Task prompt
In your copy of the data, include no pictures and alter nothing else.

Source material
☆ ☆ ☆ ☆ ☆ ☆ ☆

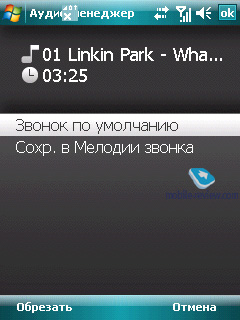 ![]() Audio Manager – application similar to the standard Media Player. In terms of the abilities this app doesn’t differ from the built in player, saving for the interface. However the HTC’s own application packs tools for basic track editing, like cutting fragments so as to set them as ring tones afterwards. Now this operation is performed really easily, even a newcomer won’t have any problems with doing that – you pick a track, specify the fragment you need (in seconds or on the progress bar). For example, you can select a 6-minute long song and get take 30 seconds out of it by cutting off 2 minutes from the beginning and 3,5 minutes before the end.
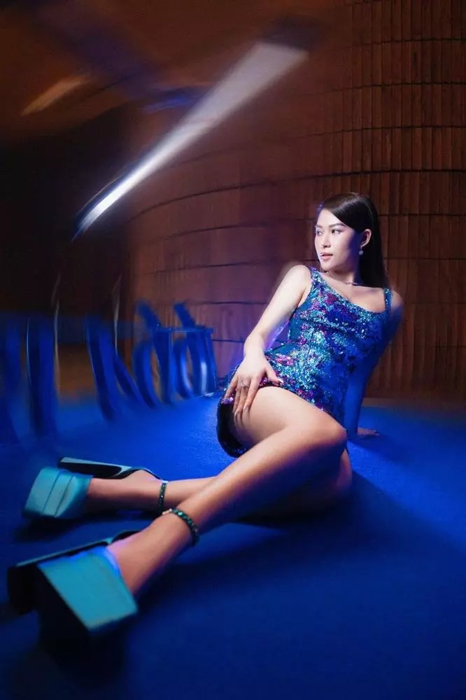 Cụ thể, cô diện chiếc đầm xanh tone sur tone nhìn rất rực rỡ. Theo đó, bạn thân Primmy Trương để lộ đôi chân kém thon và làn da không đều màu.
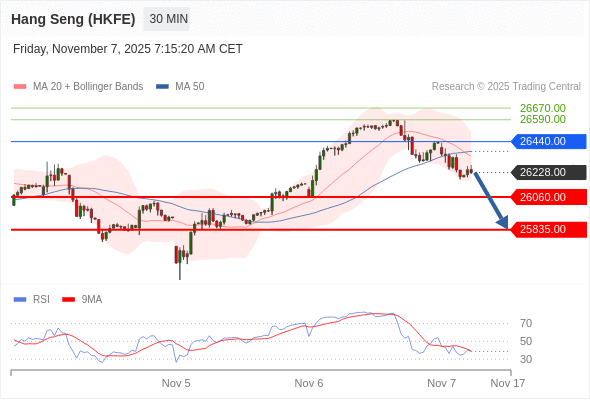 在 26440.00 之下,看跌,目标价位为 26060.00 ,然后为 25835.00 。

☆ ☆ ☆ ☆ ☆ ☆ ☆

Completed task
 ![]() Audio Manager – application similar to the standard Media Player. In terms of the abilities this app doesn’t differ from the built in player, saving for the interface. However the HTC’s own application packs tools for basic track editing, like cutting fragments so as to set them as ring tones afterwards. Now this operation is performed really easily, even a newcomer won’t have any problems with doing that – you pick a track, specify the fragment you need (in seconds or on the progress bar). For example, you can select a 6-minute long song and get take 30 seconds out of it by cutting off 2 minutes from the beginning and 3,5 minutes before the end.
 Cụ thể, cô diện chiếc đầm xanh tone sur tone nhìn rất rực rỡ. Theo đó, bạn thân Primmy Trương để lộ đôi chân kém thon và làn da không đều màu.
 在 26440.00 之下,看跌,目标价位为 26060.00 ,然后为 25835.00 。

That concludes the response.